Из вырвавшегося из уст того матерного шипа: «А ххху… зна… бля… ктор… там на… рху…» — можно было заключить, что кабинет директора находится на втором этаже (станция была двухэтажной), а вообще-то директор может быть где угодно.
Но он оказался у себя в кабинете, директор, по фамилии Апресян.
Перед кабинетом имелось подобие приёмной. На железных, с облупленными фанерными сиденьями стульях маялись нервные люди, держащие в руках единообразно свёрнутые в трубочки заявления. Один из них вдруг посмотрел на отца и Леона в эту самую бумажную трубочку, как адмирал Нельсон в подзорную трубу.
— У меня назначено, — коротко проинформировал очередь отец и, не дожидаясь возмущённых возгласов, проследовал вместе с Леоном в кабинет.
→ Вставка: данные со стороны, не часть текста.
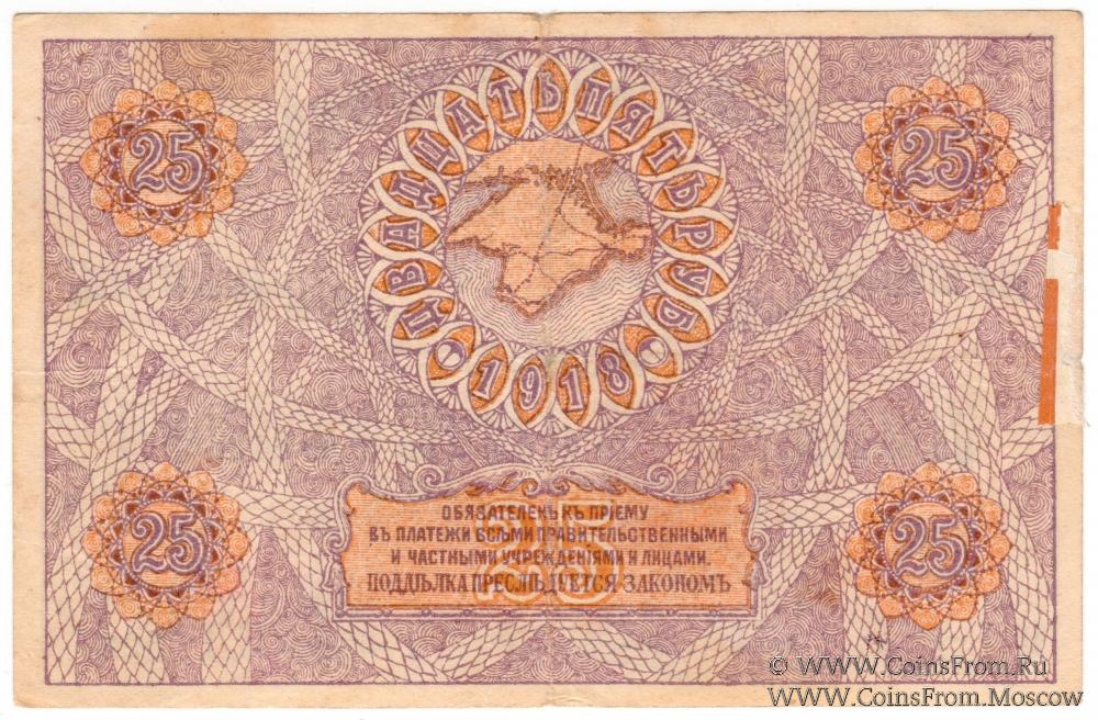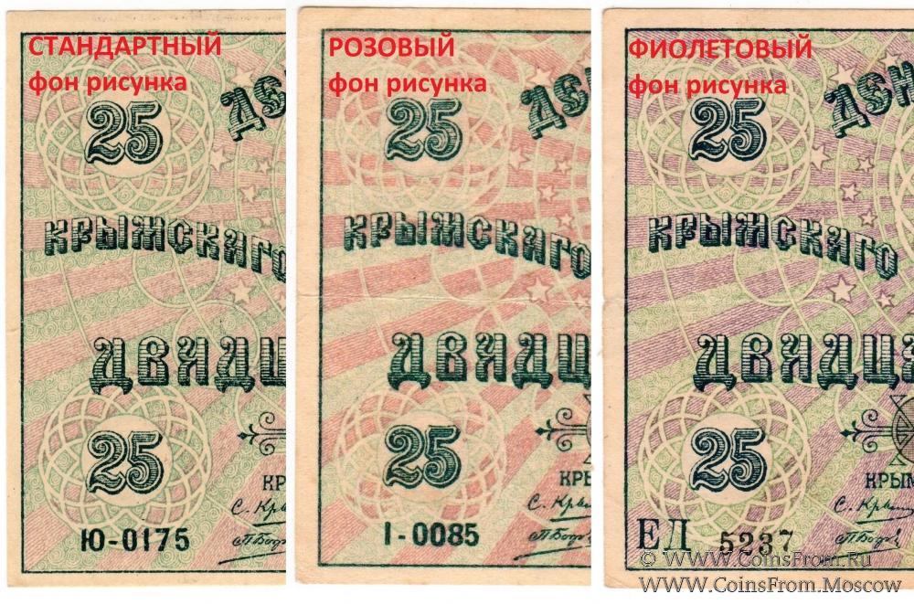 Денежный знак 1918 г. БРАК: фон аверса фиолетовый. В серии две литеры 4,5 мм. Номер 3,5 мм. Крымское Краевое Казначейство.

Директор нелидовской станции техобслуживания легковых автомобилей «Жигули» Апресян о чём-то тихо и раздумчиво совещался со смуглым, заросшим щетиной человеком в дорогой кожаной куртке, не могущим быть ни кем иным, как бандитом или рыночным (а может, не рыночным, а каким-нибудь оптовым) торговцем.
— Слюшай… — недовольно обернулся этот самый бандитствующий торговец.
— Пусть товарищ Апресян послюшает, — перебил отец. — В приёмной полно людей. Русских, между прочим, людей, местных жителей. А он целый час занят с… кем?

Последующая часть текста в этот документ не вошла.